Topical Agents for the Treatment of Atopic Dermatitis

January 2020 | Volume 19 | Issue 1 | Editorials | 50 | Copyright © January 2020

Published online December 5, 2019

Lawrence F. Eichenfield MD,a,b Thomas Luger MD,c Kim Papp MD,d Jonathan I. Silverberg MD PhD MPH,e Debra Sierka PhD,f,* Chuanbo Zang PhD,f Anna M. Tallman PharmD,g,* Michael A. Zielinski PharmD,f William C. Ports DVMh,*

aUniversity of California, San Diego, San Diego, CA bRady Children’s Hospital-San Diego, San Diego, CA cWestphalian Wilhelms-University Münster, Münster, Germany dK Papp Clinical Research and Probity Medical Research, Waterloo, Ontario, Canada eThe George Washington University School of Medicine and Health Sciences, Washington, DC fPfizer Inc., Collegeville, PA gPfizer Inc., New York, NY hPfizer Inc., Groton, CT *At the time of this research

Approval of the new topical phosphodiesterase 4 inhibitor crisaborole ointment, 2%, to treat mild-to-moderate atopic dermatitis (AD) warrants careful consideration of available efficacy and safety data for topical therapies to contribute to a better understanding of the role of crisaborole in the treatment of mild-to-moderate AD. A literature review was conducted to identify results of randomized, blinded, vehicle-controlled trials of topical agents for the treatment of AD published from January 1, 1997 to April 30, 2018. This review summarizes the efficacy and safety data of topical therapies including corticosteroids, calcineurin inhibitors, and crisaborole and it shows that comparison among available agents is difficult because of differing methodologies used across clinical trials and that there is considerable variability in safety reporting among AD trials. Published clinical studies for crisaborole demonstrate its efficacy and manageable safety profile.
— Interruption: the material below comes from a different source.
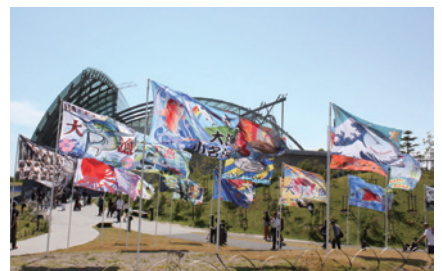
「小名浜国際環境芸術祭」

J Drugs Dermatol. 2020;19(1):50-64. doi:10.36849/JDD.2020.4508


Atopic dermatitis (AD) is a chronic, inflammatory skin disease that follows a chronic and relapsing course.1 Essential features include pruritus and eczematous lesions that present with a typical morphology and age-associated distribution.2,3 Up to 90% of children with AD have mild or moderate disease.4 Common signs and symptoms include pruritus, erythema, edema, xerosis, erosions/excoriations, oozing and crusting, and lichenification, which vary by age and chronicity of lesions.2 Because of the chronicity, intense symptom burden, and visible nature of the disease, patients with AD frequently have reduced quality of life (QoL) and psychological comorbidities, including depression and anxiety.5 Pruritus is responsible for a significant portion of this burden, which includes the associated impact on sleep quality.2,6

According to the American Academy of Dermatology (2014) and joint guidelines of the American Academy of Allergy, Asthma & Immunology and the American College of Allergy, Asthma & Immunology (2013), topical therapies remain standard treatment for AD and provide efficacy while minimizing the potential for systemic adverse events (AEs).7,8 Basic skin care, moisturizers, and trigger avoidance are recommended as initial treatment and are integral to AD therapy, aiming to treat and prevent xerosis, reduce transepidermal water loss (TEWL), reduce signs of AD, and prevent flares.7,8 When the AD is not sufficiently controlled with nonpharmacologic approaches, topical corticosteroids (TCSs) are recommended.7,8 TCSs have been the mainstay of anti-inflammatory therapy for AD for decades and can be used reactively to treat established lesions and proactively to prevent relapse.7 However, safety concerns regarding local and systemic AEs can result in treatment hesitancy in caregivers and patients.7,9 Therefore, appropriate selection of TCS potency, correct application (including duration and location of treatment), and patient education are important.7,8 Topical calcineurin inhibitors (TCIs) are immunosuppressant agents that are recommended as second-line treatment in areas where skin atrophy is a concern (eg, face, eyelids, skin folds), for steroid-nonresponsive AD, when steroids are not advisable, or when a TCS treatment holiday is necessary.7,8 Transient localized burning and itching can occur with TCIs, which can limit their use in some patients.7,8

Crisaborole ointment is a nonsteroidal, phosphodiesterase 4 (PDE4) inhibitor for the treatment of mild-to-moderate AD.